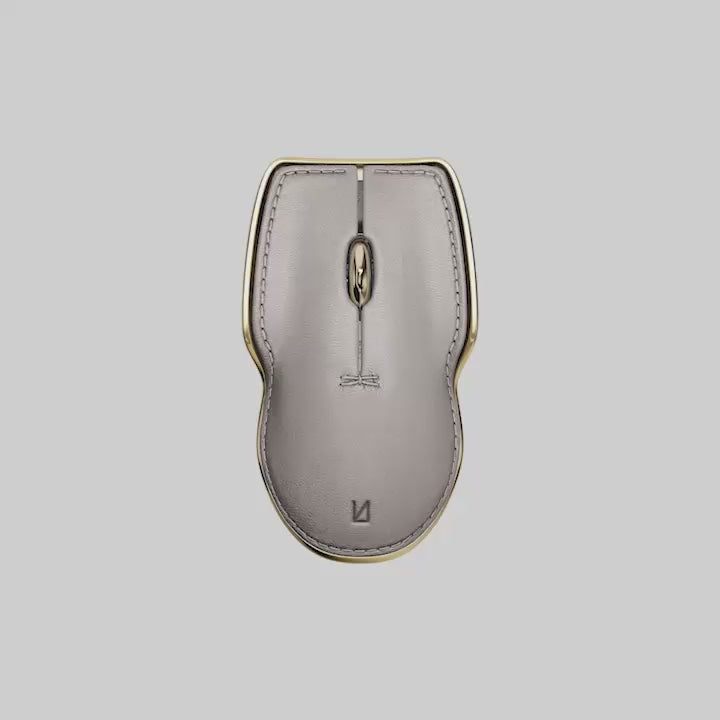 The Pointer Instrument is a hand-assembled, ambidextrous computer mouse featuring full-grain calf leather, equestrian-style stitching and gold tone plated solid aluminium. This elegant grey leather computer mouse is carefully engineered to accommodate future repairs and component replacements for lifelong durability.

--

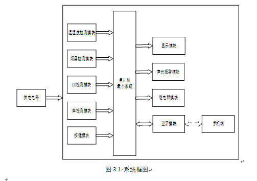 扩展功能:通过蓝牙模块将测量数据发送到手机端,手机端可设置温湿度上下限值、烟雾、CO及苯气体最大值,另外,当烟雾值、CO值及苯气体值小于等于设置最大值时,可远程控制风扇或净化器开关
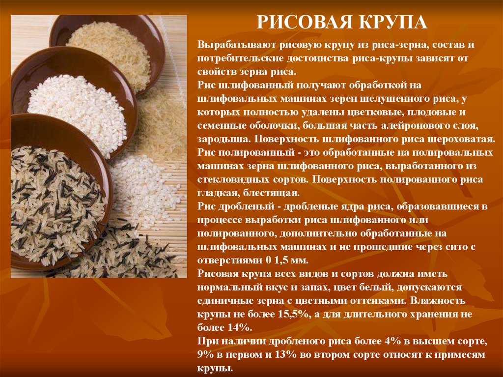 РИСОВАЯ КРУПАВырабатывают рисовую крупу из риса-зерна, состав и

* * *

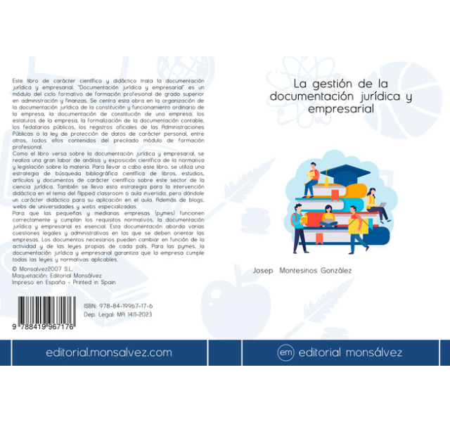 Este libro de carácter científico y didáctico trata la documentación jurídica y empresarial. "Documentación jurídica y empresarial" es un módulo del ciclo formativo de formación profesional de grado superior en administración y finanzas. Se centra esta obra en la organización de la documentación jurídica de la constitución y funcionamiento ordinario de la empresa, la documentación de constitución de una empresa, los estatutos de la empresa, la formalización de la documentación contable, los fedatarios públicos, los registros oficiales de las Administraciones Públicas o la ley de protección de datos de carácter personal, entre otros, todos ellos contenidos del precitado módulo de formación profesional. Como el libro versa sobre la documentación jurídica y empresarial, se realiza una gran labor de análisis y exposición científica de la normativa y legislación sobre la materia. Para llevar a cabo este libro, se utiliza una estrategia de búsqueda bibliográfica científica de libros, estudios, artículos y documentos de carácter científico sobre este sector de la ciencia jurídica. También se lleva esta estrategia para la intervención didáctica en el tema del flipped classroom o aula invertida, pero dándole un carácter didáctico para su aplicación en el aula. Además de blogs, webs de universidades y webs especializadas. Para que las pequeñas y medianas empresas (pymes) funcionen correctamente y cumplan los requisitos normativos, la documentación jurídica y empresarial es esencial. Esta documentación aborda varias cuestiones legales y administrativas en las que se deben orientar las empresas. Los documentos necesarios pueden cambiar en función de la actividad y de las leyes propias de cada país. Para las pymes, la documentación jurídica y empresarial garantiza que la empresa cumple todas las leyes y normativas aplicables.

### WHAT TO DO
Transcribe only the lines above that start at the line containing "扩展功能:通过蓝牙模块将测量" and end at the line containing "РИСОВАЯ КРУПАВырабатывают рисовую". Omit pictures.

### ANSWER BELOW
 扩展功能:通过蓝牙模块将测量数据发送到手机端,手机端可设置温湿度上下限值、烟雾、CO及苯气体最大值,另外,当烟雾值、CO值及苯气体值小于等于设置最大值时,可远程控制风扇或净化器开关
 РИСОВАЯ КРУПАВырабатывают рисовую крупу из риса-зерна, состав и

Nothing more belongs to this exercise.